Researchers Explain Mechanism Behind Bendy Straws
Washington D.C. While bendable drinking straws, medical tubes, and collapsible dog bowls all work on a common principle, the fundamental mechanisms of how they work have, until now, not been explored properly.
Washington D.C. [USA], Oct 21 (ANI): While bendable drinking straws, medical tubes, and collapsible dog bowls all work on a common principle, the fundamental mechanisms of how they work have, until now, not been explored properly.
A team of researchers reported that they have figured out how these "multi-stable" structures composed of stacked conical sections are loaded with pre-stress, pent-up tension that arises "because the material is forced into a closed ring that is more tightly curved than it naturally wants to be," Ryan Hayward, the lead researcher of the study, said.
"What we discovered is that the very useful property of being mechanically stable in a bent configuration seems to require pre-stress. As far as we are aware, no one had ever looked at how and why such structures have stability in the bent state," he added.
The researcher further said, " It will be helpful for us to understand this fundamental principle, which is key when designing new applications. If you're going to build a reconfigurable device, it's important to know why it works, and when it might fail."
Hayward said that the mechanics that explain the ability of corrugated tubes to be extended and contracted in length are "pretty well established," as is the idea that moving materials between mechanically stable states require overcoming an energy barrier. Playing with a variety of colorful bendable tubes on his desk, he demonstrates that the tube holds its shape in either state and that an energy barrier is crossed when it pops in and out of each.
"The mystery is why this tube of stacked cones should be stable in the bent state," he noted. "There's no obvious reason why a bendy straw should want to be stable when bent," he added. The study is published in the journal of Soft Matter.
To experiment with this, he and colleagues cut a tube lengthwise to see what would happen. By cutting the tube, he said, "we figured out that the tube would open out and flatten, which was a serendipitous moment. It was something we had to go back and try to understand. That was the key to discovering the role of pre-stress. We found that when you relax the curvature, the lack of stored energy eliminates stability in the bent state. We also built some tubes that we forced closed at a smaller radius, to introduce pre-stress, and found that this restored the ability to hold a bent shape."

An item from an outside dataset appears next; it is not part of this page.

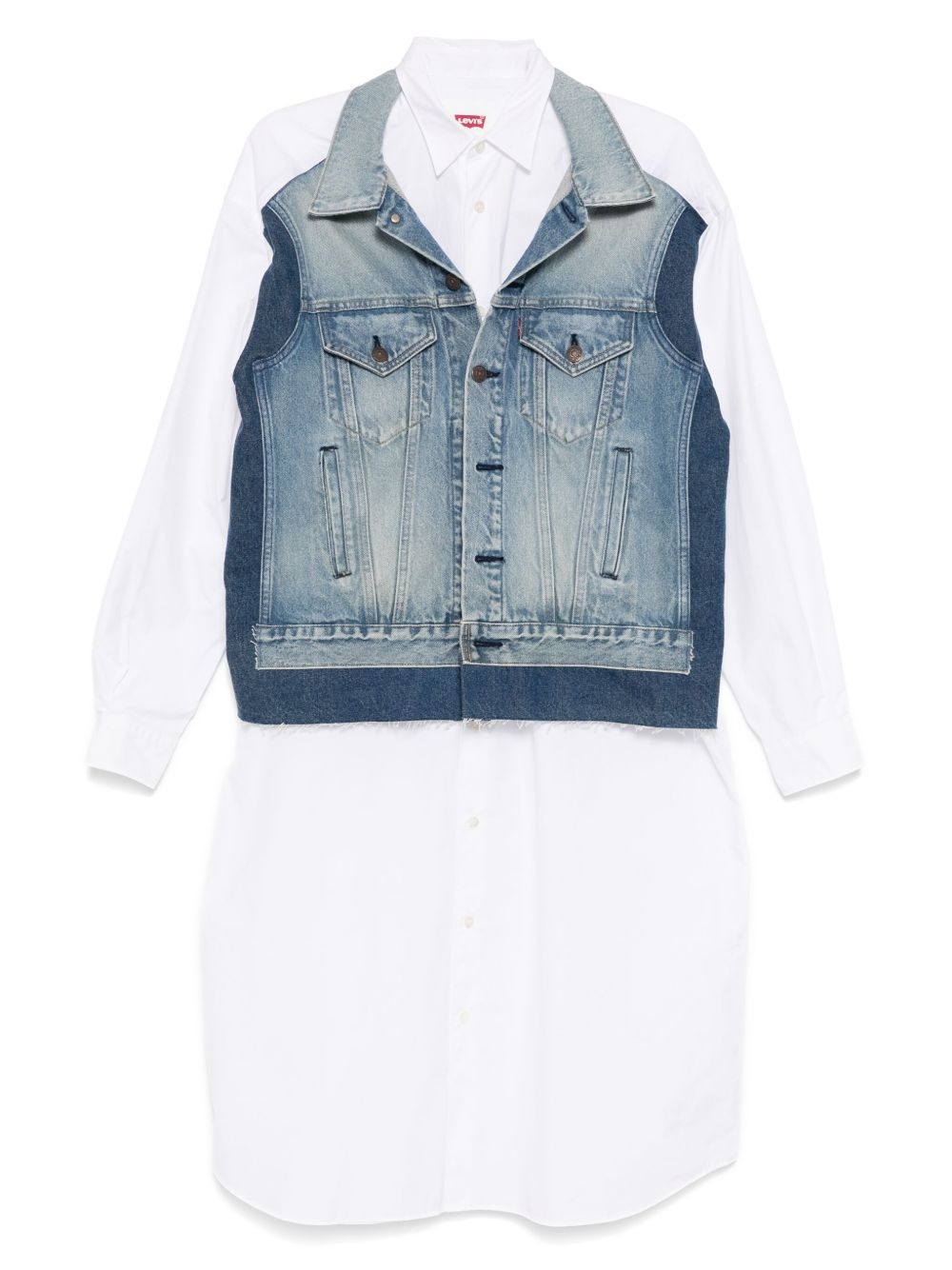 x Levi's denim dress Highlights - Blue/white - Front button fastening - Two button-fastening chest pockets - Two side welt pockets - Buttoned cuffs Imported Composition Cotton 100% SIZE & FIT Model measurements Height 5 ft 9 in(1.76 m) Bust/Chest 30.7 in(78 cm) Hips 33.46 in(85 cm) Waist 24.4 in(62 cm) FittingInformation Designed to be unstructured, offering a loose fit throughout Made from a midweight non-stretch fabric Washing instructions Machine Wash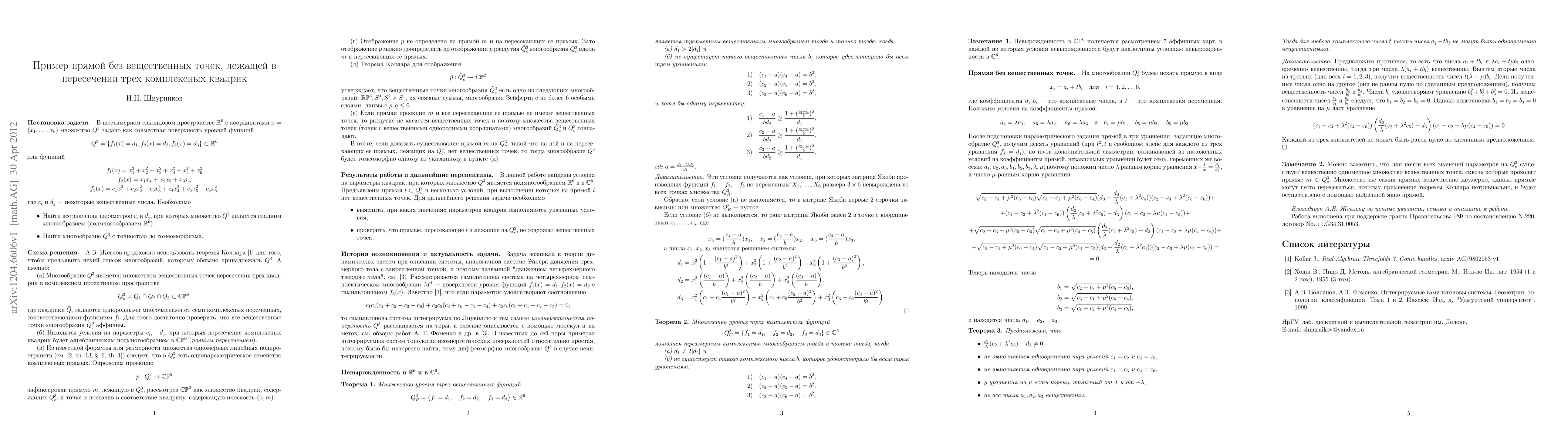 The paper establishes the existence of a line without real points in the complex projectivization of the intersection of three quadrics in Euclidean 6-space, using Kollar's results. This finding is a crucial step towards classifying all possible homeomorphism types of the resulting manifolds.

They analyzed this "pre-stress" effect through curvature analysis during deformation using X-ray computed tomography and with a simple mechanical model that captured the qualitative behaviour of the highly reconfigurable systems.
The authors pointed out, "Many biological mechanisms have been uncovered that exploit snap-through transitions between mechanically stable states of slender elastic structures to achieve rapid motion. While much of the literature has focused on bistability, systems that support multiple stable states are attractive for the design of highly reconfigurable structures," such as the ones they report on. (ANI)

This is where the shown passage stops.